In a recent article, a friend wrote about how she has been in an abusive relationship for over thirty years and she did not know what to do. It wasn’t until she met with a therapist that she had the courage to come to the table and tell her story. The therapist told her that the only way to heal from the violence she experienced was to do the work, if you dare.
I think my friend is right and I agree that the only way to heal is to do the work. I personally have used the work to heal from many situations which would have otherwise made my life difficult. I have learned from the experiences that I have, and I am forever grateful for those experiences.
I think we all have been in a situation where we felt a bit overwhelmed and were afraid to even speak up about what was happening, but you know what? We do it anyway. We call it self-care, but that’s not what it is. Self-care is how you show up for yourself in your life, and when you do, you will feel so much better about yourself that you’ll be able to speak up in a much better place.
As a friend recently said to me, “If you’re not happy with your life, and you want to change it, then you can change it. It doesn’t have to be about doing things for a paycheck. You can change what you do to make yourself happy, and your life will be much better.
A lot of people who are in abusive relationships tend to take a passive approach to change. They do not take action because they dont know where to start. We do. It’s about starting to take responsibility for your own life. Taking action on your own, you can be the example to others, you can make yourself feel better in yourself, and you can become the person you want to be.
My sister and I were recently the recipients of an abusive relationship. There was no talk of the abuse, and we knew nothing about it until years after it ended. When we found out about it, we were shocked to find that our abuser was actually a woman, and she was still in the relationship. It took us a long time to realize that the relationship was abusive, but eventually we realized that our abuser was not only a woman, but that there was something deeply wrong with her too.
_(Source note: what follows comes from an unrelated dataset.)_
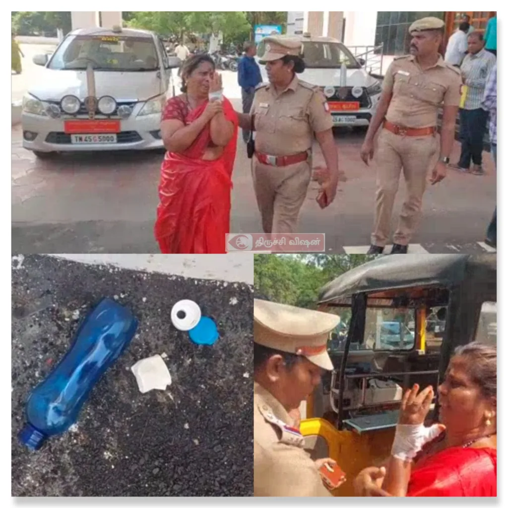துறையூரைச் சேர்ந்த சம்பூர்ணம் என்பவர் திருமணம் செய்து கொள்ளாமல் தனது தந்தையும் பெரியசாமி உடன் வசித்துவருகிறார். தனது பக்கத்து வீட்டில் வசிக்கும் நபர்கள் மது போதையில் தினசரி இரவில் ஆபாச வார்த்தைகள் பேசி கலாட்டா செய்வதை வாடிக்கையாகி வருவதால், அக்கம்பக்கத்தில் வசிக்கும் மக்கள் இரவில் சிரமம் அடைந்துவருகின்றனர்.இது தொடர்பாக காவல் நிலையத்தில் புகார் அளித்தபோது நடவடிக்கை எடுக்காததாலும், வழக்கை வாபஸ்பெற வலியுறுத்தி மது போதையில் இருந்த நபர்கள் கொலைமிரட்டல் விடுத்ததாலும் பாதிக்கப்பட்ட சம்பூரணம் திருச்சி மாவட்ட ஆட்சியர் அலுவலகத்தில் மண்ணெண்ணெய் ஊற்றி விபரீதத்தில் ஈடுபட முயன்ற சம்பவம் அதிர்ச்சியையும், பரபரப்பையும் ஏற்படுத்தியுள்ளது.

The thing is, abusive relationships are not new. They have always been around, and they will always be around. Whether it’s a relationship between two people in which one person tries to control the other, or a relationship between two people that is abusive from the beginning, abuse is always just around the corner. You can’t change who you are or what you’re capable of becoming, but the way you treat people can change.
Many of us are aware of the fact that if a relationship is abusive it can affect our health. As a matter of fact, people with abusive relationships are three times more likely to suffer from mental illnesses than those who are not. In fact, a relationship with a woman who is abusive is twice as likely to result in depression as a woman not in a relationship with a man who is abusive.
Abuse is something that many of us never really think about. It seems like an easy way to break up a relationship, but it can be the most devastating thing that we can do.
That’s why it’s so important to look at the abusive relationship you have and then go get counseling. If you’re in a relationship with someone who is abusive, you should really do everything you can to get them help. Unfortunately, for most people, it’s almost impossible to do without being hurt. And if you’re not paying attention to it, you’ll get hurt.